**REQUIREMENT:**
Transcribe word for word the section of the records below that opens with the line containing "가이아모바일 코리아(대표 양용국)가" and closes with the line containing "Problem solution concept"; drop every picture.

**INPUT:**
========================================
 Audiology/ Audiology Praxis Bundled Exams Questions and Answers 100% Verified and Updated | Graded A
========================================
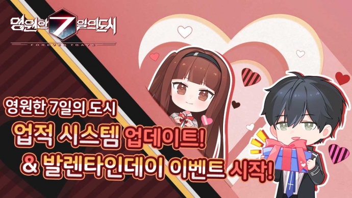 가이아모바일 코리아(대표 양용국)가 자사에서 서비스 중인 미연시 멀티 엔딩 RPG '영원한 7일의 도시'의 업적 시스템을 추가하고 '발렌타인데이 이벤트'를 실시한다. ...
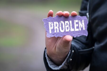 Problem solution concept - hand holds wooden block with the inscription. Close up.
========================================
**ANSWER TO THE EXERCISE:**
 가이아모바일 코리아(대표 양용국)가 자사에서 서비스 중인 미연시 멀티 엔딩 RPG '영원한 7일의 도시'의 업적 시스템을 추가하고 '발렌타인데이 이벤트'를 실시한다. ...
 Problem solution concept - hand holds wooden block with the inscription. Close up.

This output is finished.